So how does this differ from Services Oriented Architectures and EAIs? The difference is simultaneously subtle and profound. The reality is that such DaaS systems are in fact forms of services; those services have specific endpoints (URLs), have a set of minimal APIs (the CRUD operations described in the RESTful verbs) and involve the transmission of content via some form of standardized messaging architecture (XML or JSON, typically). However, those services do not have any formal semantics beyond the CRUD ones; the semantics are solely associated with the URL endpoints themselves, and are effectively variations of serving either individual entries or collections consisting of zero or more links to entries of a given semantic type.

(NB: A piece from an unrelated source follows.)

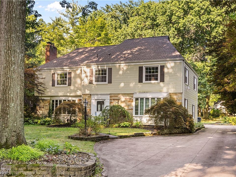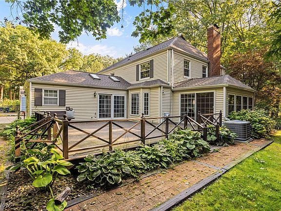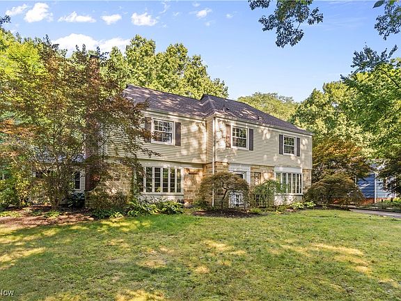 Welcome to 146 N Revere, a gorgeous center hall Colonial combining exquisite classic features with modern updates. Overlooking the 9th hole at Fairlawn Country Club, the wooded lot offers a secluded feel and a sprawling backyard. Beautifully refinished hardwood floors stretch throughout the property including all bedrooms. The massive Eat in Kitchen enjoys vaulted ceilings, center island, and extensive cabinetry. An abundance of countertop space & storage! Laundry room and half bath are next to eating area offering convenience & function & the sliding doors lead out to an expansive back deck. The Living room is immense and features wood burning fireplace and massive windows that fill the room with natural light. The adjacent formal Dining room enjoys large bay window and The French glass doors lead out to a breathtaking sunroom with great views of backyard. Beautiful original molding adorns the thresholds between the rooms. A classically styled study/office complete with wall of built in bookshelves and another half bath finish off the first floor. The second level brings four very large bedrooms all with very large accompanying closets. The master bedroom is absolutely huge and has a nicely updated full bathroom attached. Another completely updated full bath and hall cedar closet complete the second level. Recreation room in lower level is large enough to accommodate a wide variety of uses and also boasts a fireplace and wet bar. Property has seen a number of recent updates and roof appears almost new. Updates include: New washing machine '21, AT&T Fiber Optic 5 gig Internet Connection w/ WIFI '22, All hardwood professionally refinished '22, Leaf Filter Gutter Leaf Guards on all gutters '22, dishwasher '22, refrigerator '23, Sump pump '23, Master bath shower '24, new electric panel. On the doorstep of the best area restaurants, shopping, and Cuyahoga Valley metro parks - Don't miss your chance to tour this unique home!

This is not a new concept. Every time you perform a Google search you are creating a collection of links, one to an entry, which, when followed (clicked), takes you to the corresponding resource. Go to Flickr and the same paradigm presents itself - a collection of links, each with a metadata "view" that shows the image in miniature and that pulls up the corresponding entry when you click on the link. YouTube is the same - search for a collection of links with embedded metadata (in this case a thumbnail of the video) to bring up the full entry. Of course, those entries can themselves contain related links presented in the same manner, which is why this particular paradigm works so well. RSS works the same way of course, but so too does Twitter, save that there is no necessary requirement that the metadata entry has an associated resource link (the structure is a little looser, but it's there). Resources (which are objects of a similar conceptual or semantic type) and collections of links to those resources forms the basis of the web; the only difference between these and Data as a Service is that the resource in question is much more likely to be an XML or JSON entity where the responsibility for the presentation of that resource falls to the consumer, rather than the producer, of the content.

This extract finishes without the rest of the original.